The man was a mountain of black muscle squeezed into a tuxedo, his face dropping like the air from a popped balloon. “What the hell are you doing here?”
“Marco? You quit working at the strip club?” Jake suffered an unfortunate and painful encounter with Marco’s fist in the backroom of a strip club called Dreams a few weeks ago while chasing after a slippery Russian with a briefcase. The goose egg on Jake’s forehead had barely faded away, and he had zero desire for another one.
Marco’s deep-set eyes glowered at Jake, his voice dropping another octave if that was even possible. “Got fired. Because of you. You said you weren’t going to fuck up my club.”
Jake raised his palms. “To be fair, none of that was my fault. Blame the dead guys.”
“I blame you.”
“This Lockwood’s?”
Marco folded his arms and stepped across the doorway, the seams of his tuxedo jacket screaming in protest. “Why?”
“I’m meeting somebody.
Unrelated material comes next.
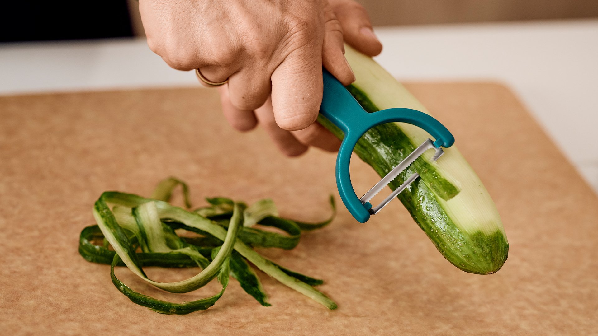 • univerzální kuchyňský nůž se zelenou rukojetí z polypropylenu a rovnou čepelí dlouhou 8 cm• škrabka ypso se zelenou rukojetí z polypropylenu a dvojitým nerezovým vroubkovaným ostřím

There won’t be any trouble.”
“That’s what you said last time and I got fired.”
“You like this gig?”
Marco nodded. “Pays a lot better and I don’t have to climb stairs.”
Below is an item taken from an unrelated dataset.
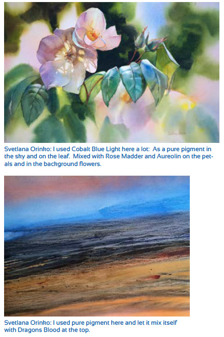 I use cobalt blue for the sky in landscapes, starting by wetting the paper, then painting from the top down, which gives a realistic gradient. I also find Cobalt Blue useful for painting sea and mountains and I mix Cobalt Blue with different shades of yellow as it makes amazingly vibrant light and dark green tones. It can be mixed with red tones to produce a lovely purple. I use Cobalt Blue and Indigo mixed together to make an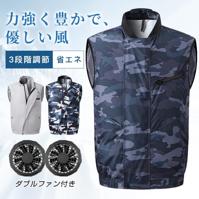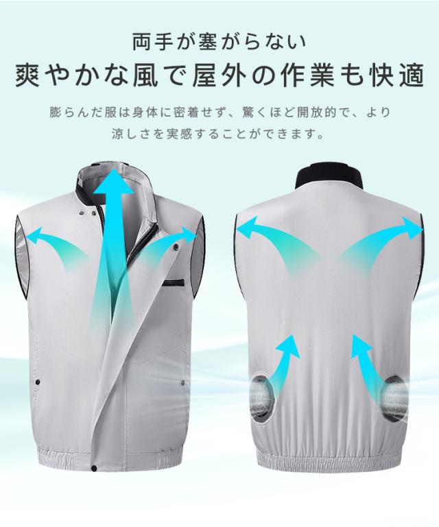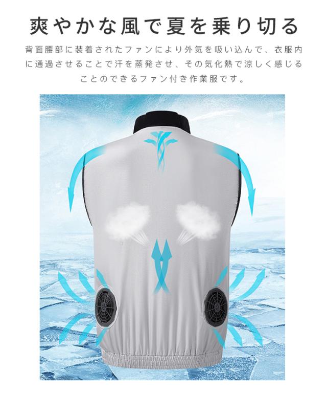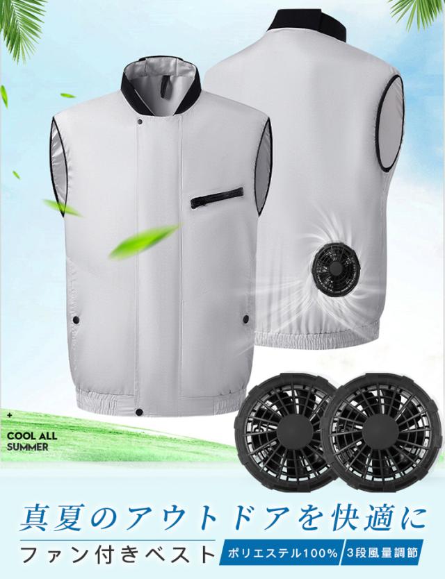 空調作業服 空調ウェア ファンセット ノースリーブ ベスト フルセット 冷却服 空調作業着 熱中症対策 空調扇風服 ワークウェア 3段風量調節 大風量 薄型 夏 UVカット 撥水加工 空調ベスト 屋外作業 釣り 登山用 高通気性 ファン 低騒音

“Well, consider it a win-win all around.” Jake moved toward the door, but Marco didn’t budge.
“You ain’t coming in here. No way you’re on the list with your raggedy-ass suit.”
“You think it’s raggedy?”
“Looks like you bought it off the rack at Sears.”
“You have a list?”
Marco slipped a folded sheet from his jacket pocket and waved it. “If you aren’t on the list, you aren’t getting in. Club policy.”
“Check it. Name’s Caldwell. Jake Caldwell.”
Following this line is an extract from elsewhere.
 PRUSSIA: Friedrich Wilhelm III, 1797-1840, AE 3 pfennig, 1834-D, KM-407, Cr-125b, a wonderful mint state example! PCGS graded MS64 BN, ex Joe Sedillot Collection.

“I know who you are.” After a few dramatic stare-down seconds, Marco unfolded the list and scanned it. His eyes reappeared when his brows shot up in surprise.
“Guess I’m on there, eh?”
“Guest of Mr. Keats? You know him?”
Jake’s eyebrows arched. “Oh yeah. Used to work for him.”
“Used to? I thought you couldn’t get out of that kind of deal.”
“I got lucky.” Jake waved a hand toward the door. “Can I go in?”
Marco moved his mountain of muscle to the side, allowing Jake a few inches to squeeze past. “Don’t make me come in there, Caldwell.”
The interior of Lockwood’s was like one of those snooty men’s clubs from the movies. High-polished mahogany bar with racks of wine glasses hanging by their stems. Two tuxedo-clad men mixed cocktails and poured wine to clean-cut men in thousand-dollar suits listening to piped-in classical music. The occasional trophy wife or girlfriend hung on an arm, manicured hands cradling a twenty-dollar martini. Dim, high-backed booths scattered along the wall for those who wanted a little privacy, plush leather couches and benches filling in the gaps. Jake didn’t know much about furniture, but Lockwood’s was filled with décor you could admire but shouldn’t touch. One couch was probably worth three times more than all the furniture in his shitty apartment added together.
Despite the existence of a no smoking ordinance in Kansas City, a thick cloud of sweet cigar smoke hugged the upper reaches of the room. Jake cut through the crowd, eyes probing for Keats, enduring the sneers from the men and flirtatious batting of lashes from women who undoubtedly entertained thoughts of going slumming with Jake. He found Keats in the back corner sipping a Scotch in a highball glass with a round chunk of ice the size of a meteor, a half-smoked stogie clutched between his thick fingers. His peppered hair was slicked back in its normal style, though he looked due for a haircut.
Keats motioned for Jake to sit. “Nice suit. You go shopping at Goodwill?”
“Only suit I have. I think I’m a little out of my league.”
“You are. But that’s a good thing. A lot of narcissistic pricks in this place.”
“You come here often?”
“Only for business. You go to Heartstone?”
“The driver I’m looking at is making off-book pickups from LA and some town in Texas named Lansdale. Know anything about them?”
Keats swirled his glass, watching the ice chunk spin. “You can pick up anything in the world in LA. Lansdale is a border town. On the Mexican side is a town called Ciudad de la Sangre de Angel. City of Angel’s Blood. Controlled by a very dangerous Mexican cartel called La Familia. They ship product through a tunnel from the Mexican side into Lansdale.”
“What kind of product?”
“Guns and drugs, mostly.”
“Any come your way?”
“Some. Can’t avoid one of the biggest suppliers out there.”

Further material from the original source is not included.